Article UB 8Implantation des constructions les unes par rapport aux autres

Intitulé du document : Implantation des constructions les unes par rapport aux autres sur une même propriété

1 – Entre 2 constructions non contigües, doit toujours être aménagée une distance suffisante pour permettre l’entretien facile des marges d’isolement et des bâtiments eux-mêmes, ainsi que le passage et le fonctionnement du matériel de lutte contre l’incendie.

2 – Les implantations proposées seront établies en souci de la densification ultérieure de la parcelle.

Article UB 9Emprise au sol

En UB, l’emprise au sol des constructions est limitée à 50% de l’unité foncière.

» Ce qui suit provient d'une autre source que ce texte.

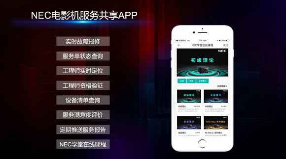 专业、高效、交互是当下NEC完善的服务体系呈现出来的三大特征。张总会上介绍了一组喜人的数字,让与会嘉宾充分感受到了NEC的极致服务:售后服务客户回访满意度高达99.9%;72小时修复率高达94.7%;VIP客户24小时故障修复率达到了87.2%……每一个数字背后都体现着NEC售后的臻心服务。特别值得一提的还有NEC去年在业内首家推出的“NEC电影机服务共享APP”,实现了用户实时故障报修,服务单状态查询,工程师实时定位等多种便捷功能,大大提高了服务效率和质量。近期新上线的“NEC学堂在线课程”模块,进一步完善了NEC售后服务体系,帮助客户实现技能升级,为行业技术人员储备提供助力。

Article UB 10Hauteur maximale des constructions

Rappel : la hauteur des constructions est mesurée en tout point du bâtiment, à partir du terrain naturel et avant travaux. La hauteur totale des constructions devra correspondre à celle des bâtiments existants avoisinants. La notice décrivant le terrain et présentant le projet le justifiera.

En l’absence d’ordonnancement particulier, la hauteur maximale des constructions est limitée à 7.5 mètres à l’égout de toiture ou à l’acrotère, et à 10 mètres au faîtage.

Cette règle ne s’applique pas aux constructions et installations nécessaires aux services publics et d’intérêt collectif.

Article UB 11Aspect extérieur

 Principes généraux

Les importations spécifiques d’architectures d’autres régions sont à proscrire.

Tous travaux sur un bâtiment ancien doivent être conçus en respect de ses caractéristiques architecturales et historiques. Tout annexe, extension, petit édicule, verrière, garage, véranda, abri de jardin… doit être construit dans ce même respect.

Les constructions de quelque nature que ce soit, ainsi que les clôtures, doivent respecter un aspect compatible avec le caractère et l’intérêt des lieux avoisinants, du site et du paysage.

 Toitures

Les toitures doivent êtres de pentes et de matériaux similaires aux habitations avoisinantes. La notice décrivant le terrain et présentant le projet le justifiera.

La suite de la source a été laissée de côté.